Старик Бальжи, кряхтя и охая, поднялся с земляного пола, вывел юношу из юрты. Долго не возвращался. За дверным пологом все так же выстанывала вьюга. Но Агвану-Доржи казалось, что это воет старая волчица, попавшая в капкан. Три дня назад шел он с рыжим псом по тропе, уцепившейся за пологий берег, густо поросший молодым, под снежной завесой, березняком, как вдруг услышал вой, тягучий и жалостливый, прибавил шаг, но пес забежал вперед и преступил тропу. Удивительно, до чего непонятлив хозяин! Куда торопиться?
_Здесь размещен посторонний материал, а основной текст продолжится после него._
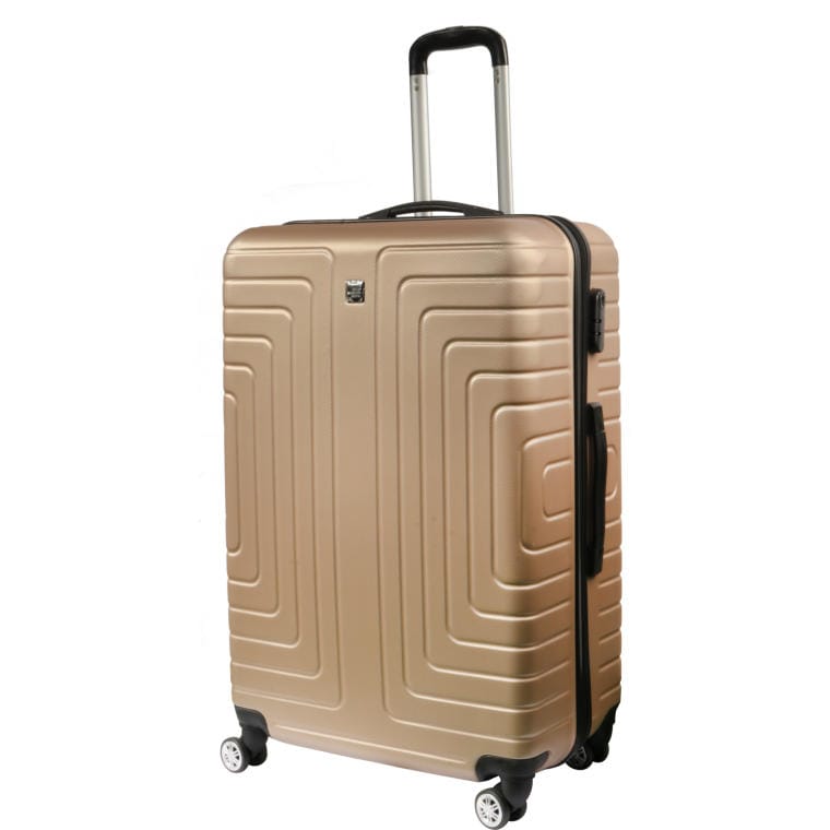 Duża Walizka Podróżna Kosmo 950 – Wytrzymała, Złota z Systemem Zabezpieczającym i Obracanymi Kółkami

В зверью пасть?.. Но вот волчий вой начал ослабевать, а потом удаляться, и тогда пес спрыгнул с тропы: а теперь иди, только что ты там увидишь?.. А увидел монах сбочь тропы у тонкой березки на белом снегу красные пятна и волчью лапу возле охотничьего капкана, сжавшего железные челюсти.

— Отгрызла! — ахнул Агван-Доржи и задумался: «Как все держатся за жизнь, точно бы она в состоянии подарить исцеление от бед. Да нет же, нет! Сансара губительна: рождая одно, убивает другое. И это, другое, возродясь к новой жизни чаще в иной форме, снова влечет за собой цепь несчастий. Могуч поток сансары. Но всесилен ли?»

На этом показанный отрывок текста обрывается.